**Problem details:**
Repeat the records below exactly from the line containing "超硬碳素伸缩登山杖男女户外登山防滑户外伸缩碳纤维手杖批发" to the line containing "This one-of-a-kind bracelet", taking in both of those lines. Drop the pictures.

**The data:**
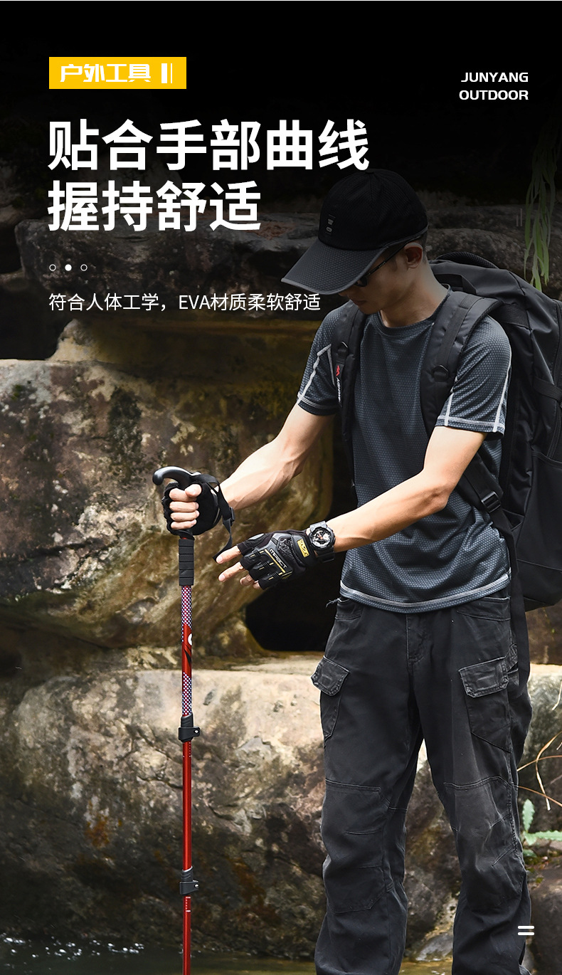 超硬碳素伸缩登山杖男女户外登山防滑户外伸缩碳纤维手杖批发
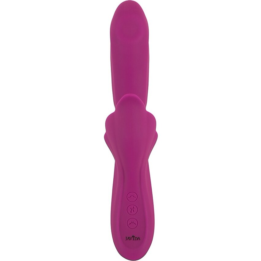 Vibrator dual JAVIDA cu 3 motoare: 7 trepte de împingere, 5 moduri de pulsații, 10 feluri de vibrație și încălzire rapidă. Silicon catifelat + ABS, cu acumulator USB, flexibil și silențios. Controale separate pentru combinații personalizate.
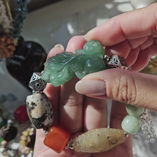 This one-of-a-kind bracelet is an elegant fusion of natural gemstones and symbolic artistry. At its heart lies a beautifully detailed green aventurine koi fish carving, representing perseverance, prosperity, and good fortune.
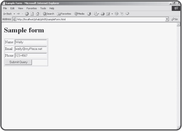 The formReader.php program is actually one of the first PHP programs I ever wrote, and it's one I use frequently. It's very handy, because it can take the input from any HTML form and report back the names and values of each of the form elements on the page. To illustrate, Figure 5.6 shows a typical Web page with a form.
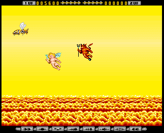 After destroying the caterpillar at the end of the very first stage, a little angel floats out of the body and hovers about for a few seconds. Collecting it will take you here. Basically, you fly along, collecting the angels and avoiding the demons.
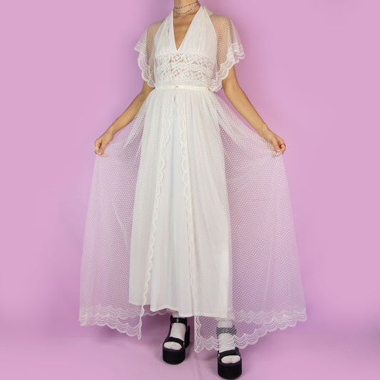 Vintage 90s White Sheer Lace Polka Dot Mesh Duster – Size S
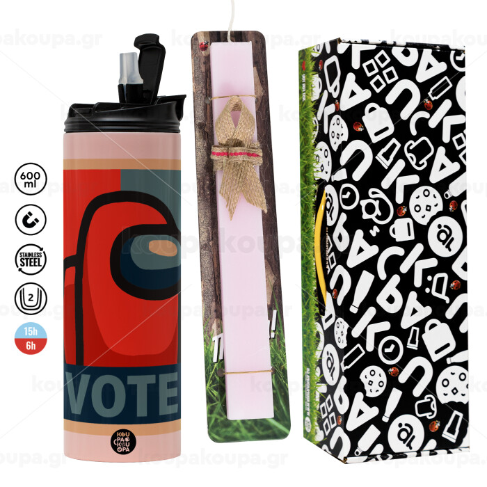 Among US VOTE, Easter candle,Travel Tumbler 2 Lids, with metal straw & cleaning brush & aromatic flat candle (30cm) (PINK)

...

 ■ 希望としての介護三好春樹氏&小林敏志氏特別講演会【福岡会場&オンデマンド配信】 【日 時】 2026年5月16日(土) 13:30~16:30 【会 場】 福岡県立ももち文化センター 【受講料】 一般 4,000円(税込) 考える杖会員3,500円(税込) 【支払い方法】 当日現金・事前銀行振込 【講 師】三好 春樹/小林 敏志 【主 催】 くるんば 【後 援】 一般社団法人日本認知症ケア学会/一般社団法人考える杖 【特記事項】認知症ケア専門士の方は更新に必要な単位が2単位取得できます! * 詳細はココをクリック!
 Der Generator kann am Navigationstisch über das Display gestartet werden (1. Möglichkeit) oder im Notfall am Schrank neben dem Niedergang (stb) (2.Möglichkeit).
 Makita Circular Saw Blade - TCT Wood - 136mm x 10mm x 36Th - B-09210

...

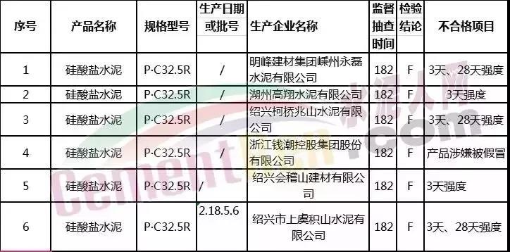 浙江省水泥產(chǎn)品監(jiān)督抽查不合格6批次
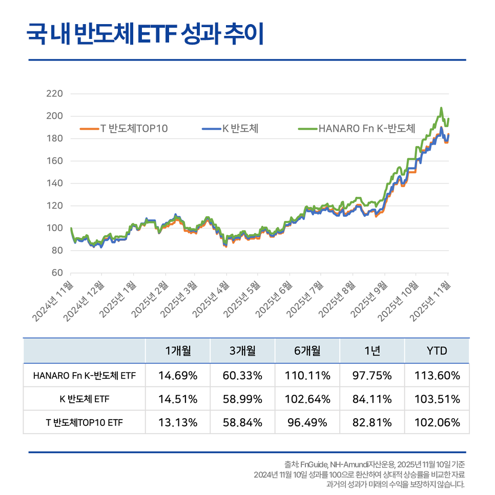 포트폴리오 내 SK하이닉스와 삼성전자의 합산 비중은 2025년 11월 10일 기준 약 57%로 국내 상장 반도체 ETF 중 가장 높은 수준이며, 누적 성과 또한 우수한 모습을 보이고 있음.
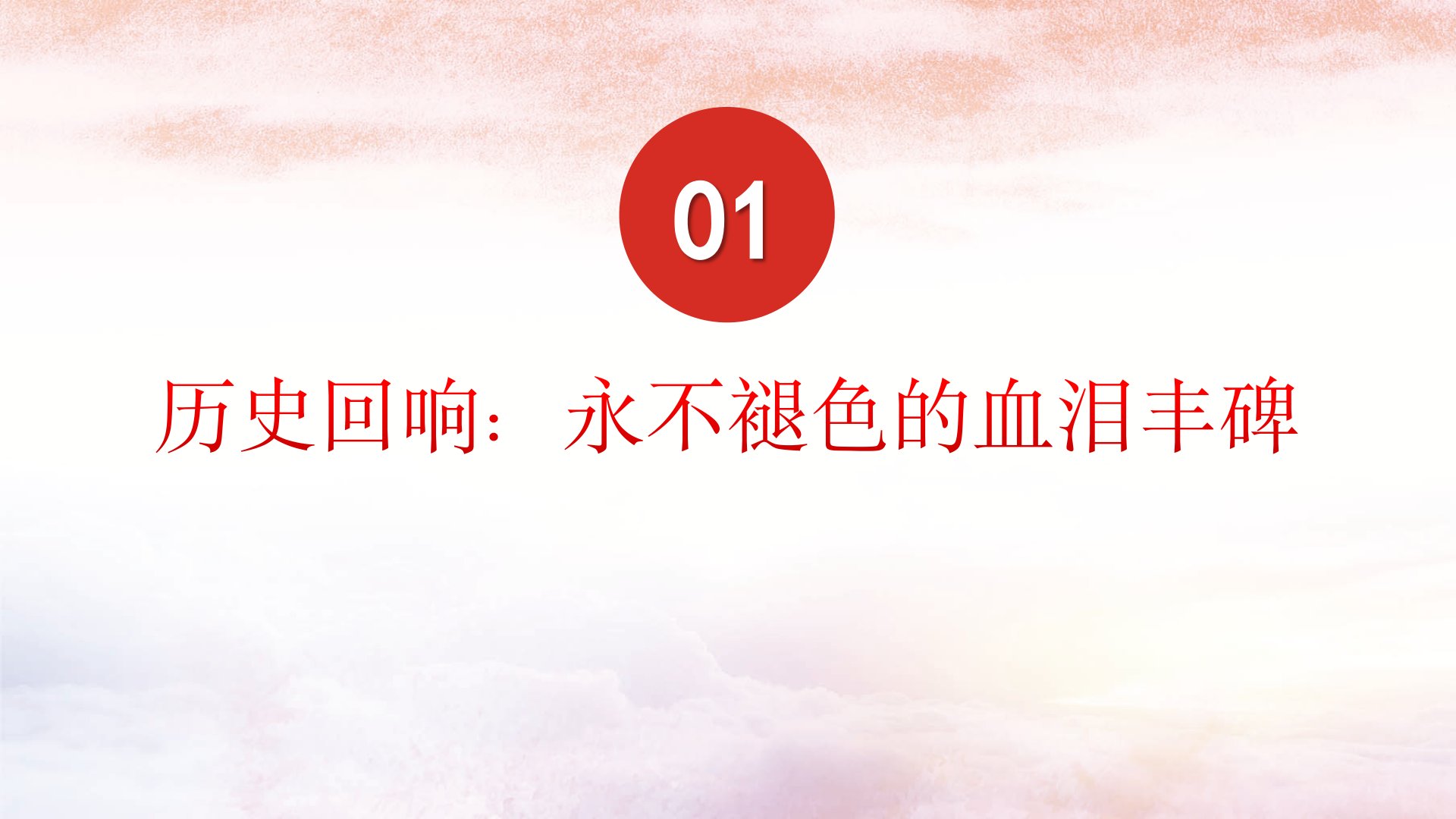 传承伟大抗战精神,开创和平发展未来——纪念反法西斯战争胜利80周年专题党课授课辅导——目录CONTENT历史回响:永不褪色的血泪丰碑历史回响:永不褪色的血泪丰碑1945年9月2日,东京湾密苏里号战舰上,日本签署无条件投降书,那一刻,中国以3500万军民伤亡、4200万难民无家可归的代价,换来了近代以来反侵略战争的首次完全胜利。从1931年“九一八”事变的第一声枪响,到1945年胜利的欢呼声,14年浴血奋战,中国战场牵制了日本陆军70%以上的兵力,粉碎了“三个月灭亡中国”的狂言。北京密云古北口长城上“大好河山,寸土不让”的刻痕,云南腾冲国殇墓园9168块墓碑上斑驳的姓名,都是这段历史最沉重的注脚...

**Response to the task:**
 超硬碳素伸缩登山杖男女户外登山防滑户外伸缩碳纤维手杖批发
 Vibrator dual JAVIDA cu 3 motoare: 7 trepte de împingere, 5 moduri de pulsații, 10 feluri de vibrație și încălzire rapidă. Silicon catifelat + ABS, cu acumulator USB, flexibil și silențios. Controale separate pentru combinații personalizate.
 This one-of-a-kind bracelet is an elegant fusion of natural gemstones and symbolic artistry. At its heart lies a beautifully detailed green aventurine koi fish carving, representing perseverance, prosperity, and good fortune.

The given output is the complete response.